One of the new reading ‘revival’ series, so to speak, is the Hunger Games Trilogy. Since the nineties, several similar series have been tremendous successes, such as: Harry Potter, The Twilight Saga, The Eragon Series, and more. Even though these books will probably not show up on the average American Literature curriculum (Harry Potter is a dream for me, though), these texts have marked a monumental change in this technological era, bringing kids back to books.

The Hunger Games movie adaptation hit theatres Friday, March 23, earning a $155 million opening weekend, certainly an impressive feat. I was fortunate — or perhaps unfortunate — enough to have been able to get tickets and see the 9:30 pm showing two Saturdays ago. From the perspective of a movie critic, and not a reader, I thought that the Hunger Games was disappointing. Granted, I never got around to reading the series, but strictly from a cinematic point of view, the movie lacked several key components that I believe are essential for a classic film.

For starters, I think that this dystopian, post-apocalyptic society is mysterious and enthralling, but seriously lacking in explanation. What events had preceded this new nation, or series of districts as they are called, and how had things become so desolate in this world?
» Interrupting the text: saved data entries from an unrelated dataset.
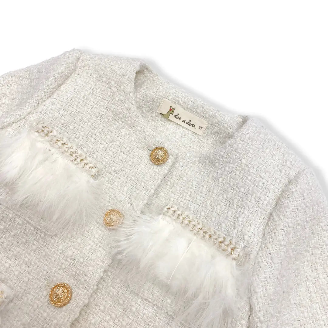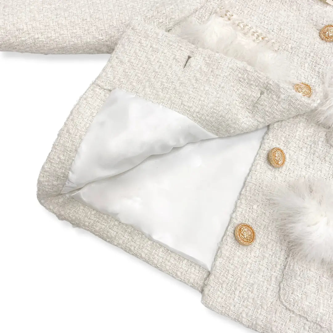 Cozy up in the Sabrina FeatherTrim Tweed Jacket, crafted with 100% polyester for ultimate warmth and softness. Fun detachable feather-trimmed pockets add a flirty touch while making washing a breeze. Available in two chic colors to brighten your wardrobe!
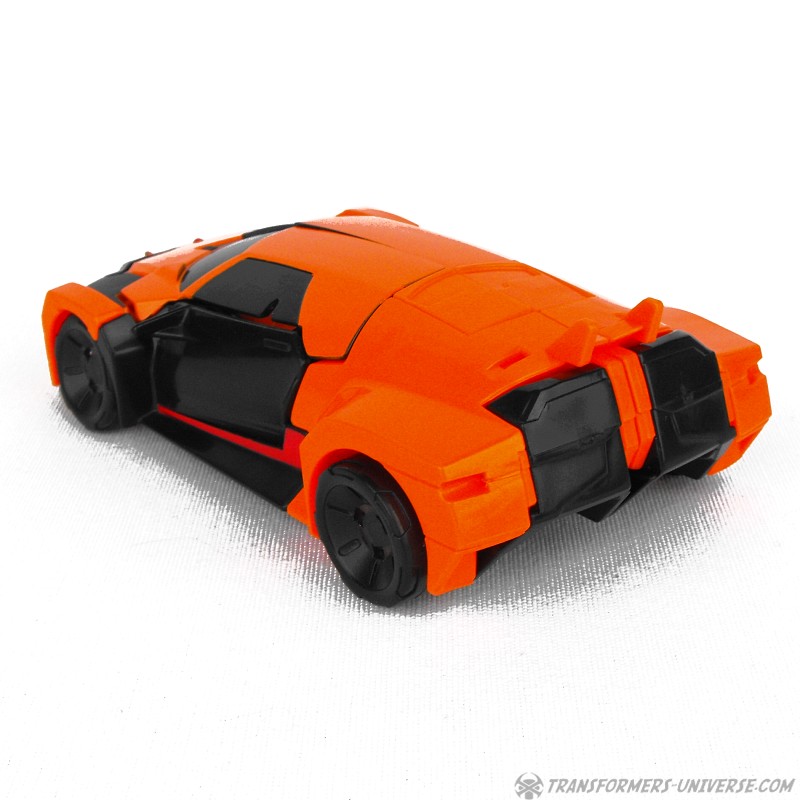 Alternativmodus: Drift behält das gleiche Automodell als Alternativmodus, dass er schon in Age of Extinction hatte, nämlich einen Bugatti. Das genaue Modell kann ich jetzt nicht benennen, aber das Auto sieht toll aus. Detaillierung ist jetzt nicht in Massen vorhanden, aber wir haben blau bemalte Scheinwerfer, das rote Logo vorne entspricht dem auf Drifts Helm im Robotermodus, und die schwarzen Scheiben sehen auch edel aus. Okay, etwas mehr hätte man hier noch haben können, aber mir gefällt das Auto. Die beiden Schwerter kann man an der Unterseite verstauen (auch hier kein Hinweis darauf in der Anleitung). Unterm Strich somit: ein guter Automodus.
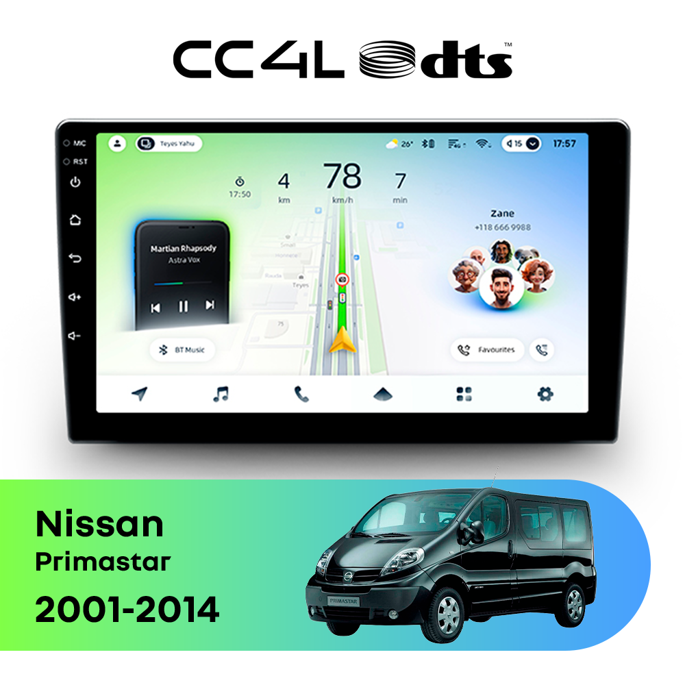 Teyes CC4L DTS для Nissan Primastar 2001-2014 — штатная Android-магнитола с современным мультимедийным функционалом и акцентом на более насыщенное и качественное звучание в автомобиле.
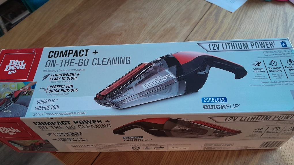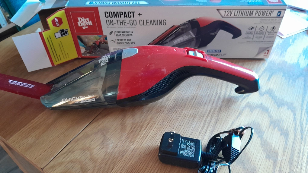 Cordless handheld vacuum with a QuickFlip crevice tool. Includes charger accessories and original packing. Hardly used.
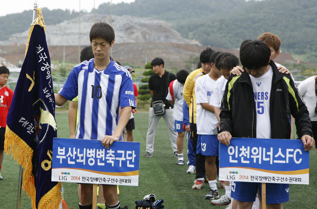 ‘LIG 2014 전국장애인축구선수권대회’ 개막식은 목포국제축구센터가 진도항과 가깝고 세월호 침몰 희생자에 대한 추모와 유가족의 아픔을 함께 하겠다는 취지에서 묵념으로 차분하게 진행했다. 권중원 대한장애인축구협회 회장대행의 대회사, 박홍률 신임 목포시장의 환영사, 박지원 목포지역 국회의원의 축사 외에 선수단 대표의 선서 등 최소한의 일정만 진행했다.
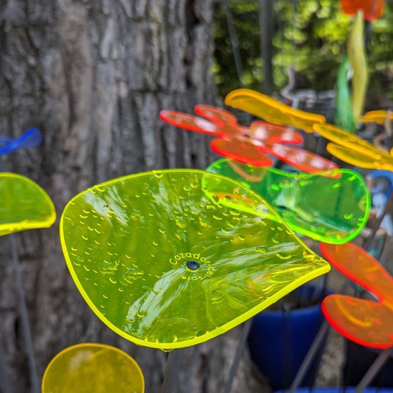 Wave-shaped, lemon suncatcher with swinging rod of fiber-reinforced plastic.

Instead of taking a minute or two, which is not a lot to ask from this two hour and twenty two minute long film, to explain some of the background, the Hunger Games launches into the story with convoluted swiftness. The confusion ensues when Effie Trinket, the announcer and escort for the district 12 tributes, walks on the drawing stage in something close to full jester regalia, resembling a French noble in 17th century Mardi Gras garb. Perhaps the author Suzanne Collins described her as such, something I don’t know, but if not, IMDB needs to add ‘comedy’ to the movie’s categories, especially as these outfits become the clear fashion of the Capitol.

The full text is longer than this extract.